INDÚSTRIA DO “APONTE AÍ”

MARIA ALBERTINA 3

 

A jeito de introito a indústria de Coimbra nos anos sessenta e setenta deste século produzia em grandes quantidades o “aponte aí”.

Caso Vossemecês não saibam o “aponte aí” era quando as pessoas levavam a mercearia fiado porque faltava o dinheiro para pagarem a pronto. Por isso é que os merceeiros tinham também uma taberna para que o “milagre de transformar água em vinho” desse para pagar a comida que muitas vezes não podia ser paga.

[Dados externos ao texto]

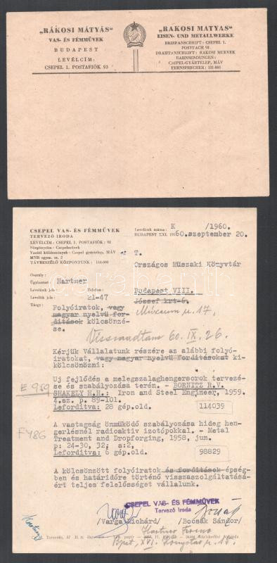 Leírás: cca 1950-1960 Csepel- / "Rákosi Mátyás" Vas- és Fémművekkel kapcsolatos nyomtatványok, borítékok...stb, 9 db.
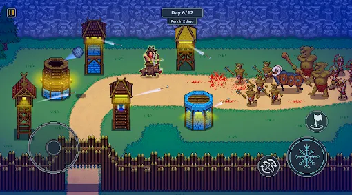 兼顾宏观与微观的策略深度:在宏观上,你需要规划整个村庄的布局和经济链条(如伐木场→兵营)。在微观上,夜晚的每一波防守都需要你精准放置士兵、升级防御塔,甚至手动控制英雄释放技能,策略维度丰富。

Era toda uma economia bem caraterística do “desenrasque” português.

Fábricas de tecidos, cerâmica e sabão aumentava o número de gente do “aponte aí”. Gente que, quando chegava a hora de pagar, não podia trocar a doença provocada pelo trabalho sem condições pela mercearia básica de subsistência. Pois se a moeda de troca fosse a falta de saúde eram milionários!

Trabalhavam, mas não manducavam - contrariando o dizer “quem não trabalha, não manduca!”- estes trabalhavam muito, mas sem muito direito ao pagamento para comerem.

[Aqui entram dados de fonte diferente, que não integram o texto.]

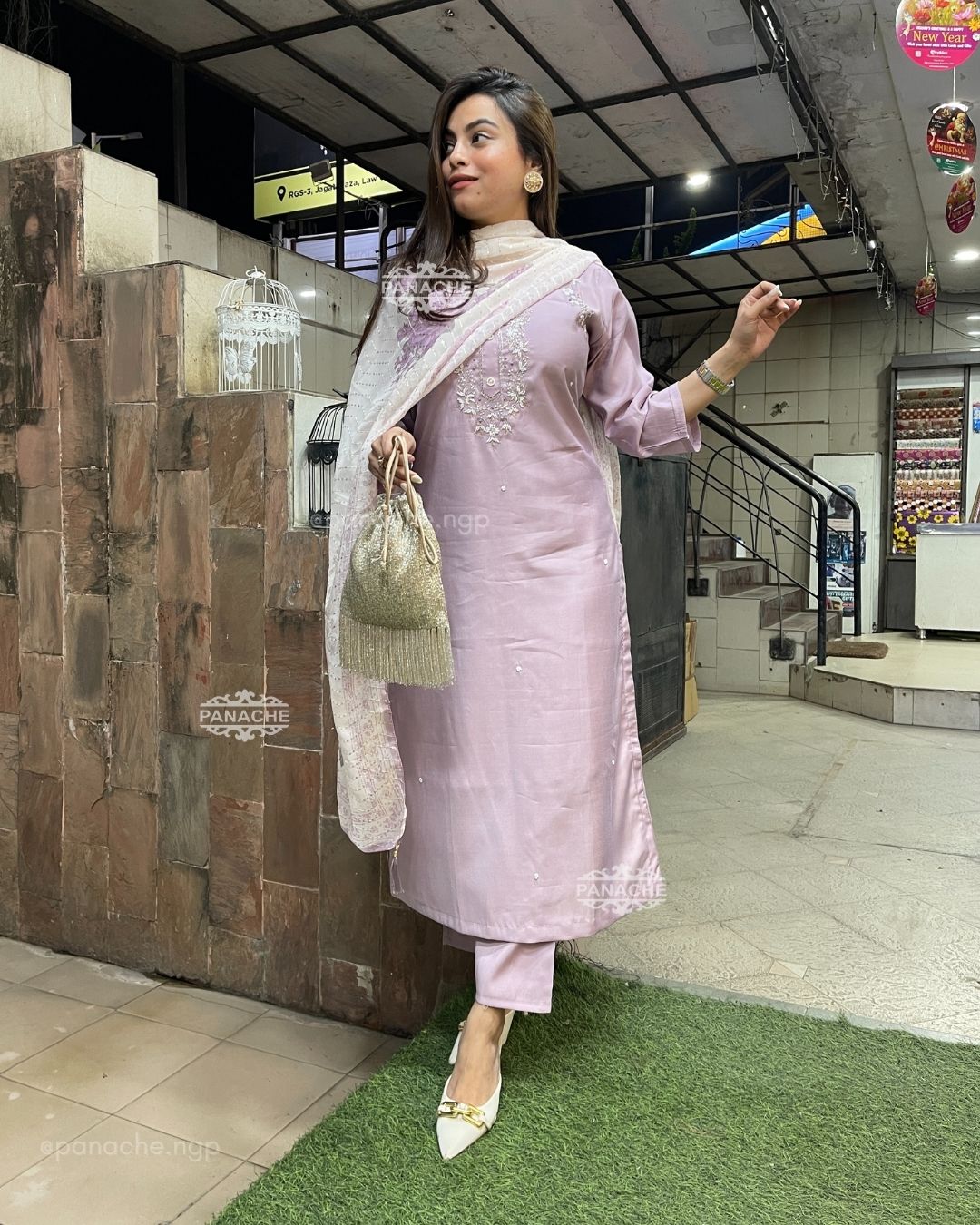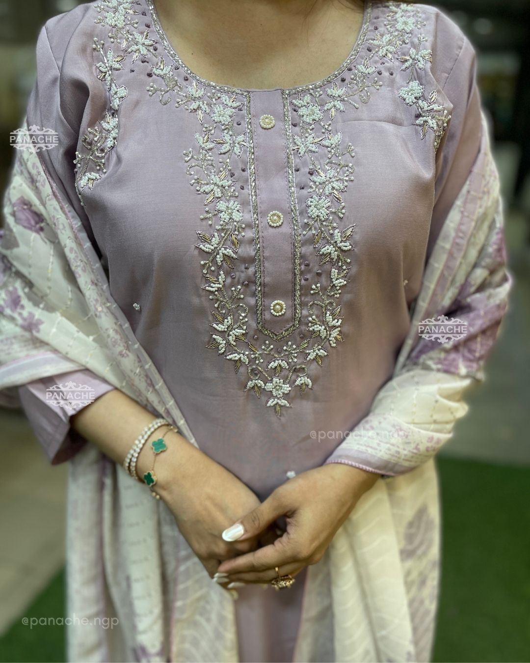 🟣 A budget set with silver handwork on neckline with shimmer sequin and floral dupatta with tassels

Mesmo os alfaiates, os sapateiros, as costureiras, as lavadeiras, as criadas e até as peixeiras ficavam com os calotes das “senhoras” e os “esquecimentos” dos “senhores doutores”. Mesmo vivendo pobres como Job não tinham a atenção dos “senhores doutores” que usavam o seu poder para ficar com o pouco que restava aos “Job” do século XX.

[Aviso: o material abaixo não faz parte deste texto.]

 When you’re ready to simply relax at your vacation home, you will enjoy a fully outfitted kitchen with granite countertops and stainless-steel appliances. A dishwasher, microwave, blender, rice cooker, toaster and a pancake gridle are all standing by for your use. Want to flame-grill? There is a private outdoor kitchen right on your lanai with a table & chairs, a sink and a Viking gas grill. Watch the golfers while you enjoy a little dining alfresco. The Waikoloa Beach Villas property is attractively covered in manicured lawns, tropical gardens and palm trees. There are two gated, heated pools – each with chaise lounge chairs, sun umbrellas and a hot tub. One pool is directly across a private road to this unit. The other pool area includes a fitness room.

Algumas vezes lá se enchiam de coragem, dada pelos santos, e iam de chapéu na mão pedir “por amor a Deus” que lhes pagassem - só que do insulto não se livravam.

Coimbra era dos “senhores doutores” e dos meninos e meninas que faziam tudo o que queriam. Os meninos engravidavam as criadas que vinham da terrinha, ainda mais miserável, para trabalharem dia e noite a troco de enxerga e restos de comida dos senhores. Enquanto os meninos, muitos estudantes da Universidade, se aproveitavam da pobreza e do medo das pobres moças para satisfação de outras carnes!

Medo de serem despedidas, medo de serem presas por falsas acusações e poucas tinham a coragem de enfrentar os senhores.

Mas Coimbra vivia a serenidade aparente de uma indústria florescente e de um poder podre e desumano.

Se vos conto isto é por via de enxergarem por trás de cenários de uma vetusta Coimbra universitária e sereníssima que não corresponde aos modos de vida escondidos em buracos.

São estas coisas que vos conto aqui do “Japão” ou da outra margem do Mondego.